WORK ITEM
Could you output the whole listing exactly as it stands, minus any images?

RAW DATA Block Start

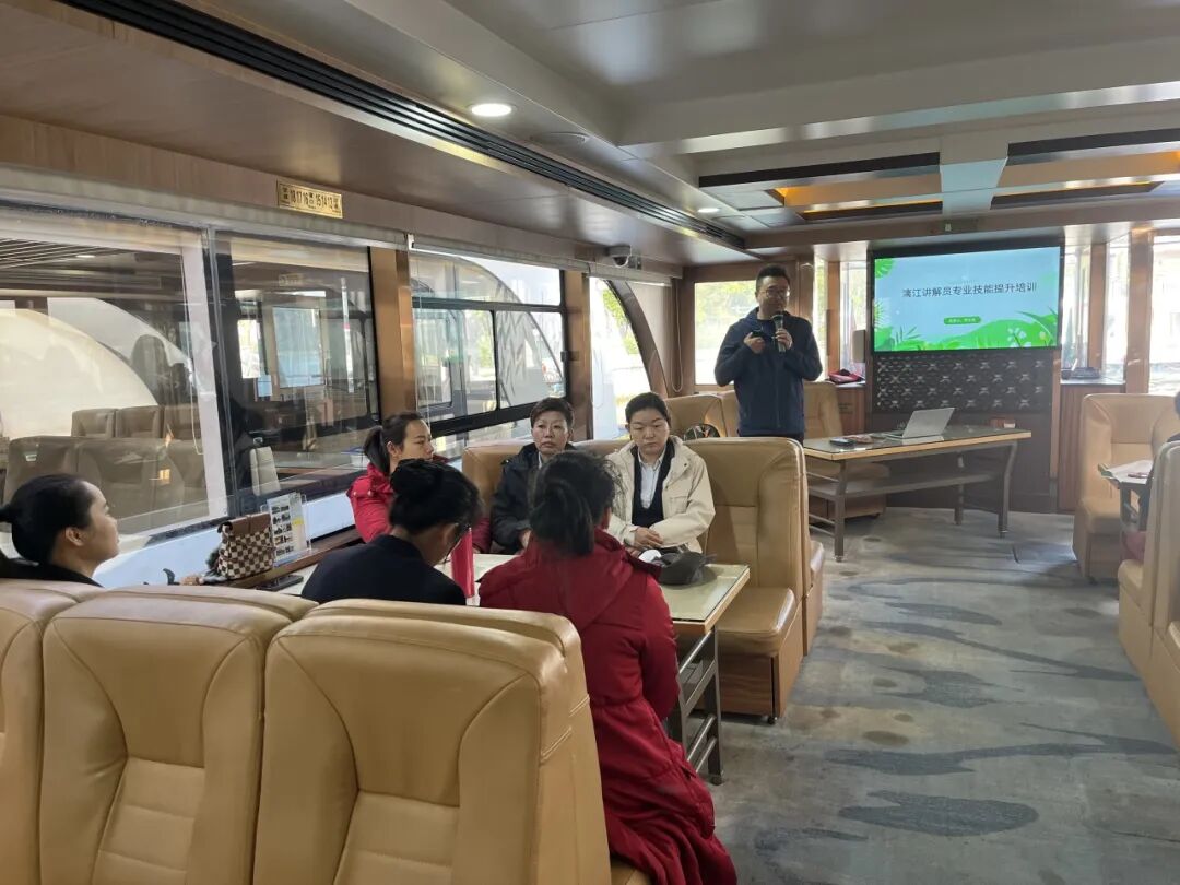 11月14日,漓江市内游公司联合浩晟公司在三星级游船开展半天导游员培训,6名导游参训。
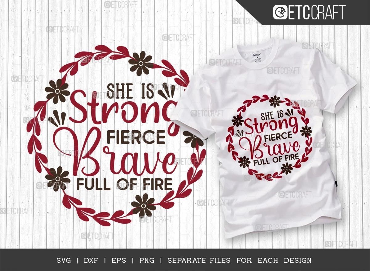 "She Is Strong Fierce Brave Full Of Fire SVG Bundle" - a powerful collection of designs that celebrate the strength, courage, and determination of women. This versatile bundle is perfect for anyone looking to embrace and empower the essence of womanhood.
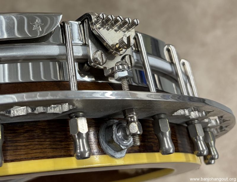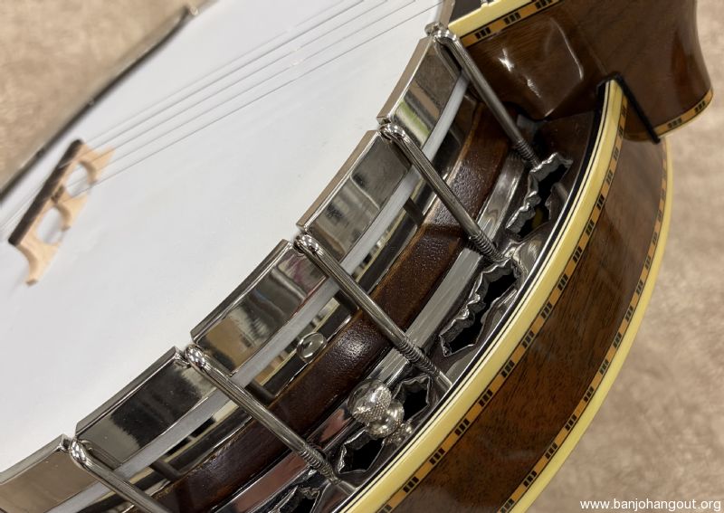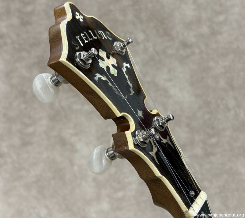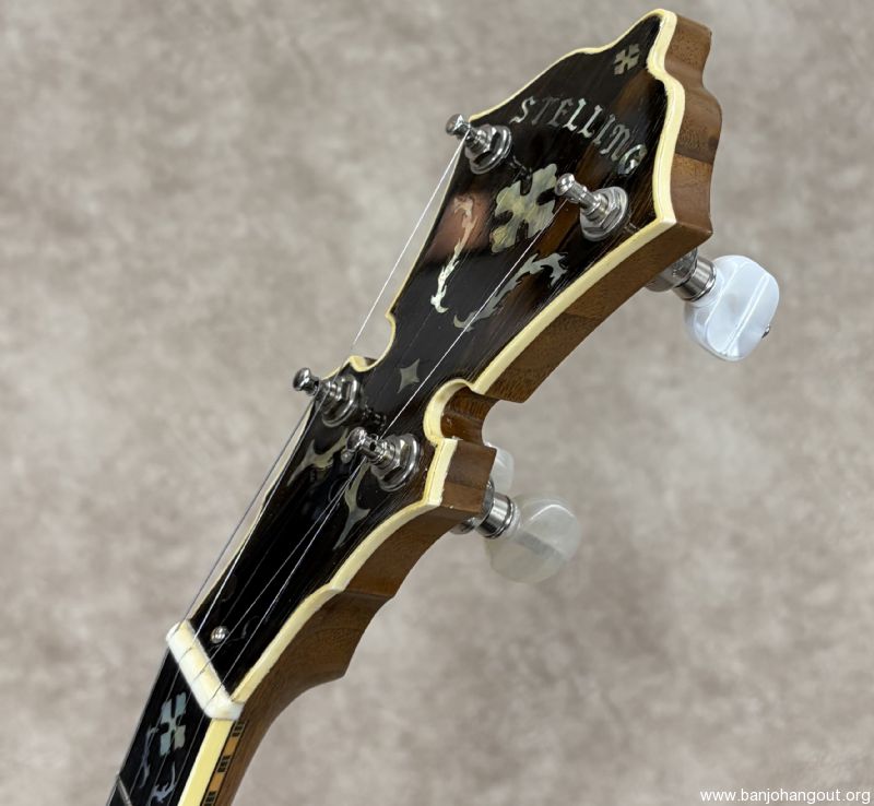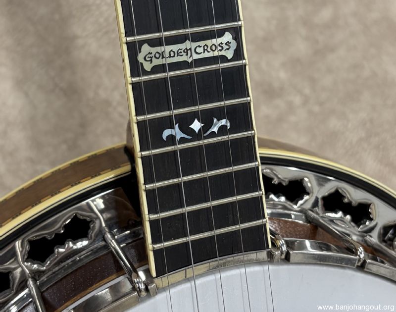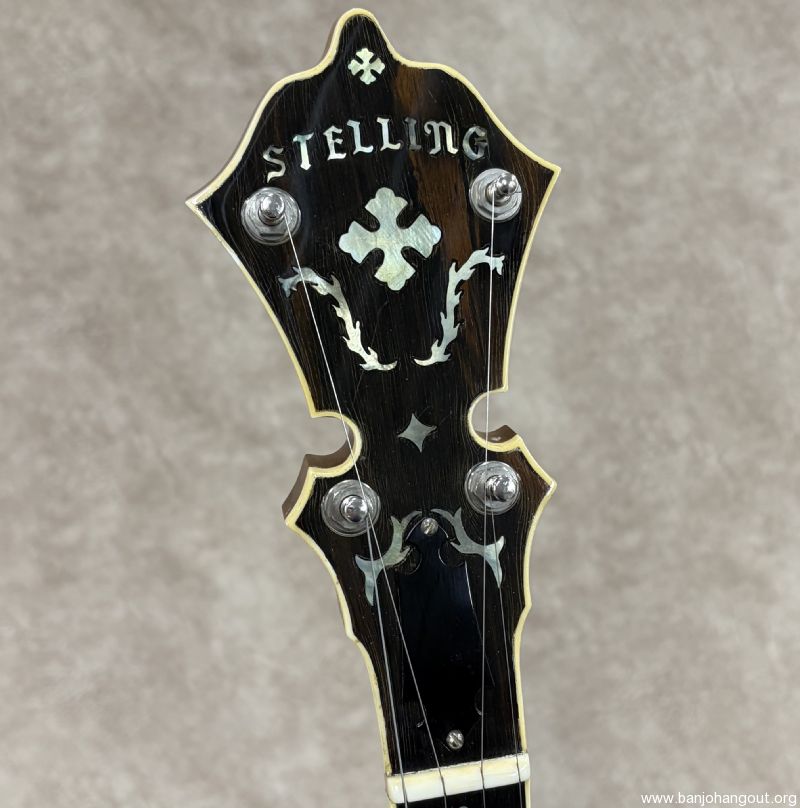 Here's a vintage Stelling "Golden Cross" that remains in excellent condition. The Golden Cross features a walnut resonator and neck with the classic Stelling feel and beautiful nickel plated hardware. This particular one has the factory upgraded rim from Stelling and also this banjo is 1 number from Don Reno's Golden Cross. The banjo ships in its original case which shows cosmetic wear but is structurally 100%. If you have any questions or desire additional pictures, don't hesitate to ask. Thanks for looking!

RAW DATA Block End

WRITTEN RESPONSE
 11月14日,漓江市内游公司联合浩晟公司在三星级游船开展半天导游员培训,6名导游参训。
 "She Is Strong Fierce Brave Full Of Fire SVG Bundle" - a powerful collection of designs that celebrate the strength, courage, and determination of women. This versatile bundle is perfect for anyone looking to embrace and empower the essence of womanhood.
 Here's a vintage Stelling "Golden Cross" that remains in excellent condition. The Golden Cross features a walnut resonator and neck with the classic Stelling feel and beautiful nickel plated hardware. This particular one has the factory upgraded rim from Stelling and also this banjo is 1 number from Don Reno's Golden Cross. The banjo ships in its original case which shows cosmetic wear but is structurally 100%. If you have any questions or desire additional pictures, don't hesitate to ask. Thanks for looking!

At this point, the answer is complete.